The translational regulator GCN20 regulates replication stress response

DNA replication stress seriously threatens genome stability and is a hall marker of cancers. The evolutionarily conserved kinase ATR and WEE1 are essential for the activation of replication stress responses. But the underlying mechanisms are not well-understood. Translational control is an important mechanism to regulate gene expression. However, the roles of translational control in DNA damage responses (DDR) is unknown. Here we show that ATR-WEE1 regulates the translation of SOG1, the master regulator of DNA damage responses in plants. Through genetic screening, we find that loss of GCN20 and GCN1, which functions together to inhibit protein translation, suppresses the hypersensitivity of Arabidopsis atr and wee1 to the replication stress-inducing agent hydroxyurea (HU).
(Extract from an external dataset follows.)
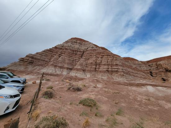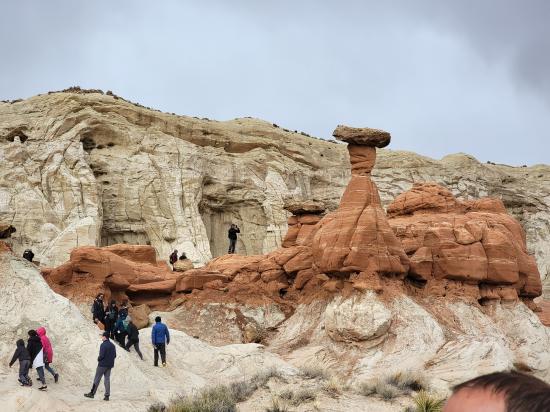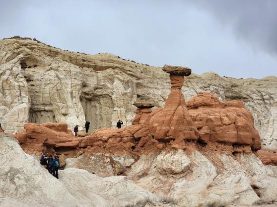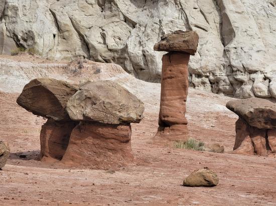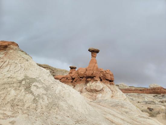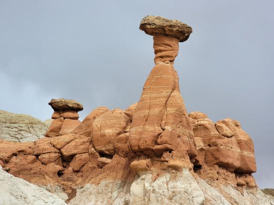 The Toadstool Hoodoos are an amazing collection of hoodoos, badlands, and other interesting rock formations found in the area located between the Cockscomb Fault and the southern section of Cottonwood Canyon Road just north of US 89. The base of Toadstool Hoodoo is Entrada sandstone and the caprock is Dakota sandstone. Its unique shape is due to erosion.

Biochemically, WEE1 directly interacts with and phosphorylates GCN20, which is further polyubiquitinated and degraded. Overexpression of GCN20 significantly inhibits the translation of SOG1. Genetically, mutation of SOG1 enhances the sensitivity of wee1 and wee1 gcn20 to HU, and overexpression of SOG1 suppresses the sensitivity of wee1 to HU. These results suggest that ATR-WEE1 inhibits GCN20-GCN1 to promote the translation of SOG1 during replication stress responses. Taken together, our study identifies a novel function of ATR-WEE1, reveals a new regulatory mechanism for SOG1, and links the translation control to DNA damage responses.